My Social Media Isn’t Your Social Media

The greatest thing in going out and meeting new people is that they are always a wonderful reference in showing you where you are with your thoughts, and teaching you that their thoughts aren’t your thoughts.

This is something that we all of course know in the basic level, but don’t often remember it before we again find ourselves in a situation where someone is acting differently that we usually would.

This is crucial for us so-certain-of-everything social media professionals to understand. People tend to use social media services differently and there’s really not a one real way to do things. It’s also creative and refreshing to speak with different people about them using social media, because you always hear about new ways you haven’t thought before – some are ‘good’ and some not that good.

So, instead of telling people how, we should make them more often ask the question why. Why do you do certain things with certain services in social media? And the reason cannot be simply “because one has to be there”.

This eventually comes to the need of having a strategy, which I think is as important with one’s personal success as with company’s. In these speedy times we tend to forget the reason, the goals behind our actions.

Here’s a simple checklist of thoughts to think while surfing in the wave of social media. These aren’t specifically social media related. I believe these are things that everyone who wants to achieve something should once in a while to ask themselves.

What am I trying to achieve with my current actions?

If I’m posting to my corporate Twitter account about how I’m “Doing a project”, does anybody care, really?

But posting “Contemplating a project for teaching #e-learning in rural schools in #Africa” instead [and maybe even using hashtags for helping people easier to find these topics], tells much more about you and your intentions and people who might be interested about e-learning and Africa might find you and start follow you – and if you are lucky, want to ask you more about these things.

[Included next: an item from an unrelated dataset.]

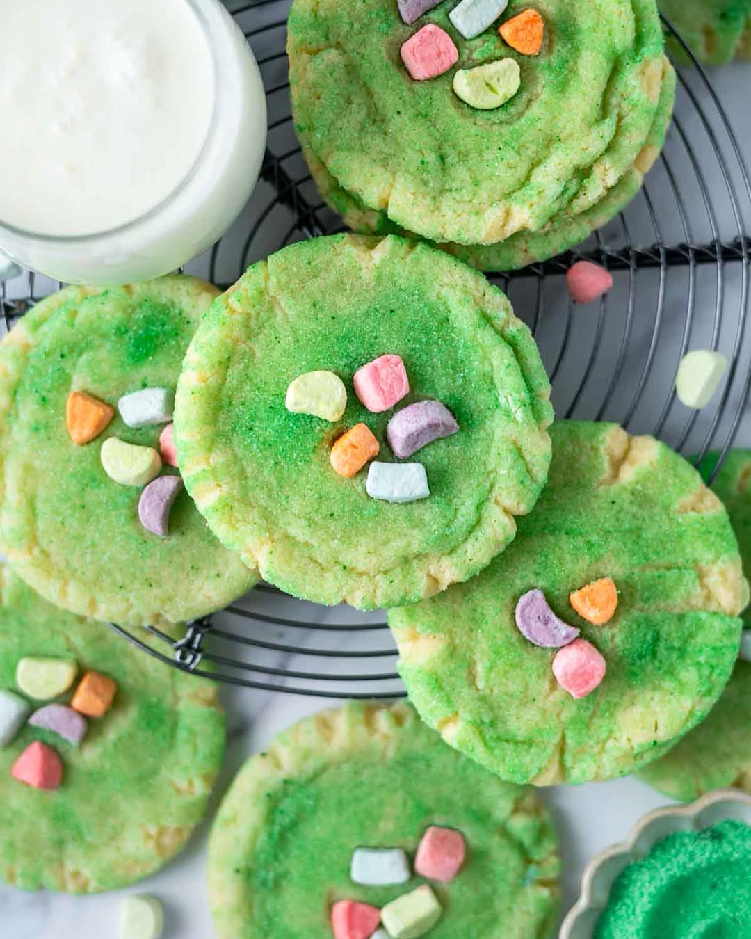 Bright green sugar gives these cookies their festive glow. The centers stay soft and thick thanks to a no-chill dough that bakes up pillowy. A scatter of pastel cereal marshmallows adds that throwback cereal charm. It’s basically your favorite drive-thru shake—reimagined in cookie form.

So remember to tell more about that issue in the future.

How’s my message?

We tend to sound different to ourselves than to other people. Ask someone, your friend, your partners, your customers or your mom; How do I seem/sound/feel like to you?

But once again, it’s up to you do you listen or not. Not everyone’s opinion matter and if you feel like your doing the right moves, stick with them.

Continuity (i.e. sticking with the story)

We are living in a story based society, or at least that’s what they are telling us everywhere. In a way that’s true and has always been with human beings from the dawn of times, but one has to really think what’s the story to tell.

One of the biggest benefits of continuity in your messages is that people tend to remember patterns better, instead of just single portions of different information. Also message that is lined with the previous ones “adds up” to the story being built – with a word “story” I don’t necessarily mean something fake or invented by the Creative Department.

How does being social benefit me?

What is the benefit of you blogging? Does it relieve your creative ambitions, is it just for fun, do you want to share your thoughts about your field of profession or show how good picture you can take?

If you can’t find any reason at all, you should really ask is blogging for me? But, here one should be cautious: It doesn’t necessarily mean that blogging is useless for you if you can’t think why to do it.

Search the web, what other people in your field of interest or profession are doing, ask your friends who are “socially fluent” so or ask a professional.

Use common sense

If you don’t know what to do in the web in some situation, ask yourself, how would you act in real life?

I’ve now faced a couple of times questions like “Who should I recommend in LinkedIn?” or “Should I go comment to someone’s blog if they have said something about me or about my company?”.

Think these in terms “Would I recommend this person in my normal life, is he or she worth it, do I really know her enough?” or “Do I want to show as a company that I care what people say about me?” and if it’s something good they’ve said “How would I feel if a company that I have praised in my blog would all of a sudden thank me directly in my blog?”.

Be polite

The web is currently a place easily get kicked in the head for small things or even nothing. But those who will answer to this kind of behavior with politeness and reason, are those to eventually survive another day. The web has a long memory and people are often more forgiving than people even consider themselves to be.

Like I wrote in the beginning of this post, if you can invent X variations of how to use social media tools, listening to others may get you to a whole different place, 10 times. So why not learn from others.